No referendo, com data marcada para o dia 20 de outubro, o eleitor vai dizer sim ou não à pergunta: “o comércio de armas de fogo e munição deve ser proibido no Brasil?”. Na consulta popular não atuam partidos, mas frentes parlamentares suprapartidárias. A Frente Parlamentar Por um Brasil Sem Armas defende o “sim” ao desarmamento e a Frente Parlamentar Pelo Direito de Defesa representa o “não”. A campanha de convencimento do eleitorado, com direito a 15 minutos diários de propaganda na televisão e na rádio, começa no dia 1º de outubro.

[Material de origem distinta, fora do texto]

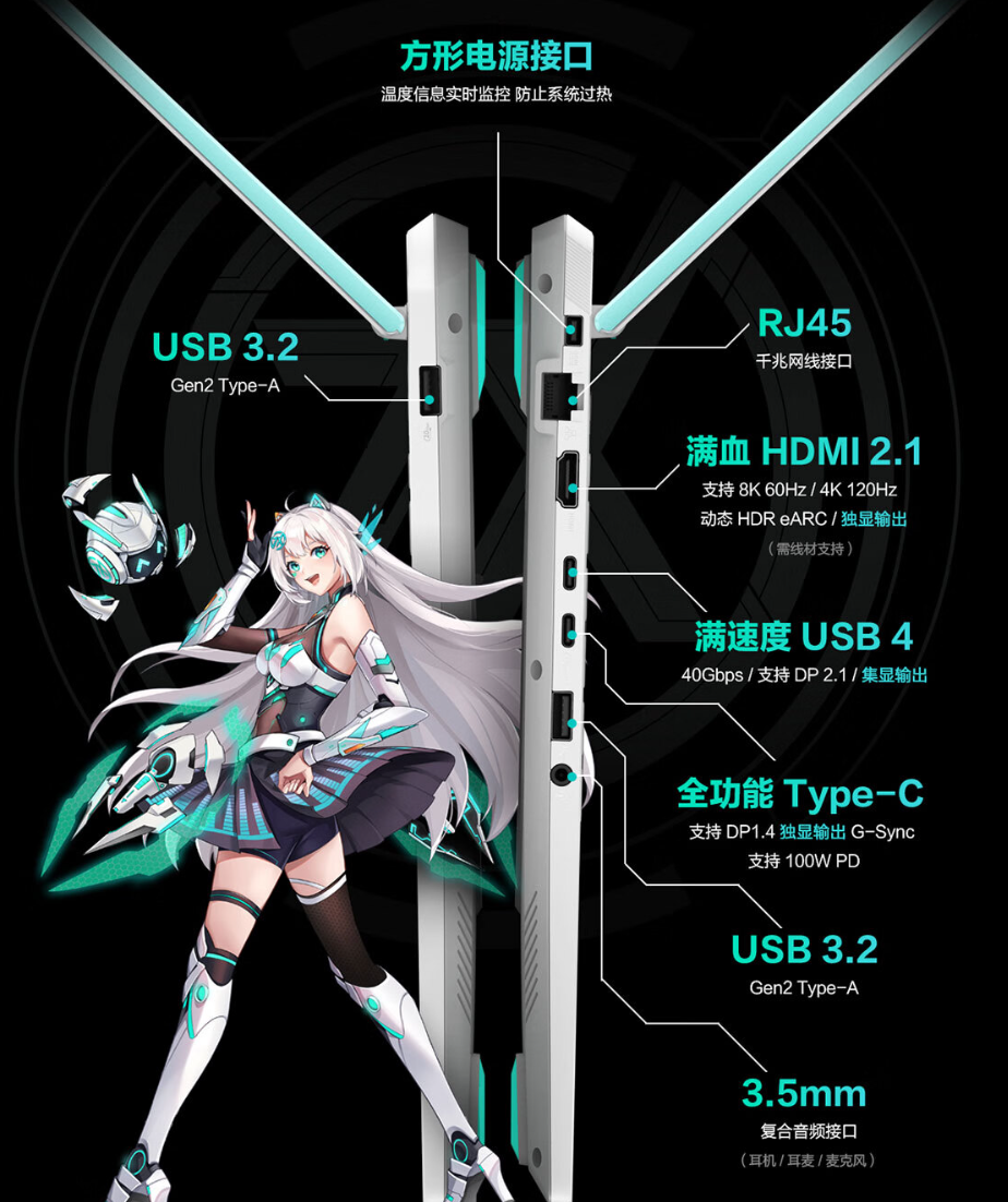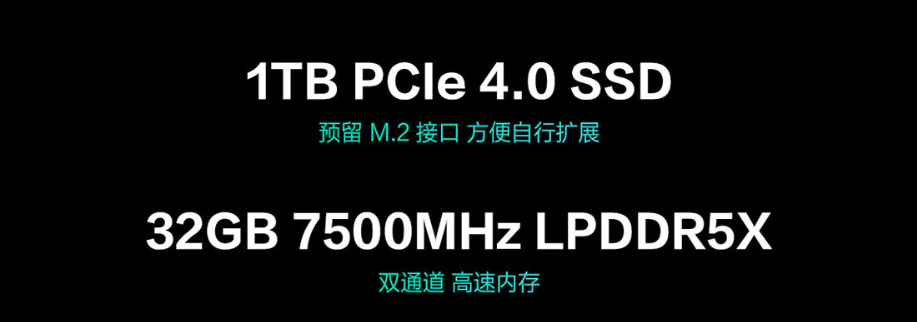 存储方面,天选 锐龙AI版标配32GB 7500MHz LPDDR5X双通道高频内存,搭载1TB PCIe 4.0 SSD,支持第二块SSD扩展。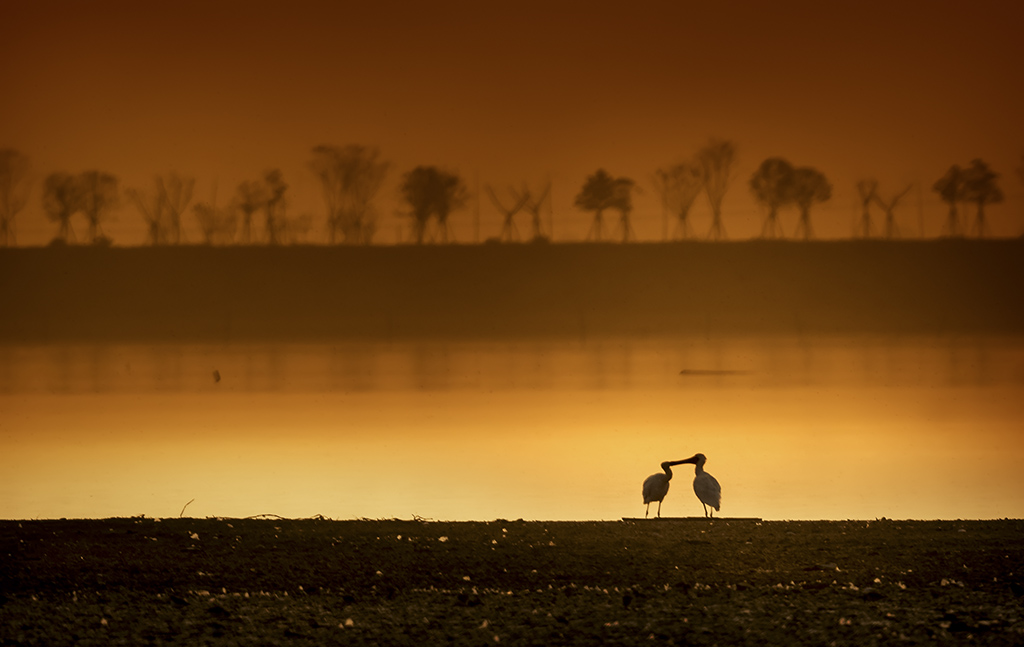 《白脸琵鹭的爱情》(铜奖) 陈建红 摄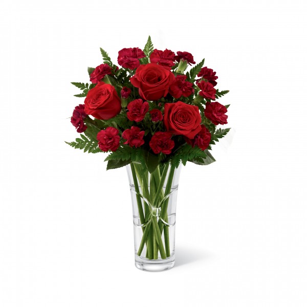 Le bouquet des amoureux fleurit avec des roses et des oeillets miniatures pour vous aider à célébrer cette venue de Saint-Valentin! Roses rouges brillants sont réunis avec des mini-oeillets bordeaux et de la belle verdure pour former un arrangement de fleurs exquis pour cette personne spécial. Présenté dans un vase en verre clair. Ce bouquet ne se fera pas oublié de si tôt.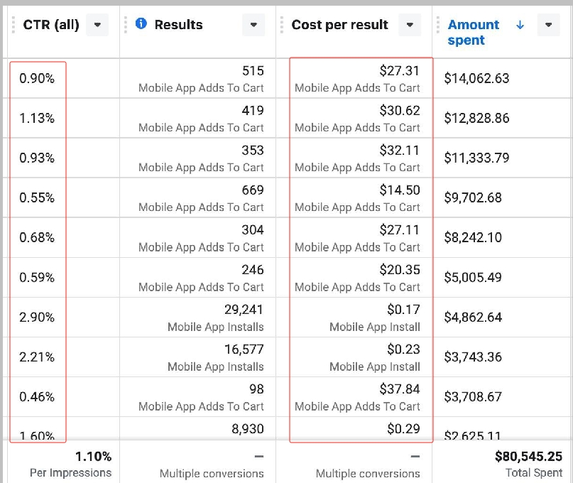 The account spent over $80,000, providing a very large sample size. In this analysis, we chose Mobile App Adds To Cart and used Cost per Result as the core KPI.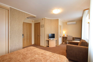 Все номера оснащены телевизором и предлагают уровень комфорта на любой вкус: от первоклассных номеров-студий до практичных 2-х и 3-местных номеров с общей ванной комнатой на два соседних номера.

Quem vai pagar a propaganda de cada uma das posições? A campanha do “não”, além de qualquer posição ideológica, tem um financiador natural, que defende os interesses econômicos da questão: a indústria de armas. Com a vitória do “sim”, as fábricas de armas de uso civil perdem o mercado interno e estarão condenadas a viver da exportação de toda sua produção. Já o “sim” não tem defensores econômicos ou comerciais. Sua posição é praticamente ideológica e está representada por movimentos sociais ou organizações não governamentais.

É aí que começa a complicação das normas de financiamento da campanha: a Instrução Normativa do TSE proíbe a doação de dinheiro de entidades de utilidade pública, entidades de classe e sindicatos, ou organizações sem fins lucrativos que recebam recursos do poder público ou do exterior. Ora, a maioria das organizações interessadas na proibição do comércio de armas se enquadra no figurino de entidades que estão proibidas de fazer doações à campanha. Também estão proibidos de interferir na campanha órgãos públicos, autarquias, fundações, empresas públicas e concessionárias de serviços públicos. 1 a 0 para o “não”.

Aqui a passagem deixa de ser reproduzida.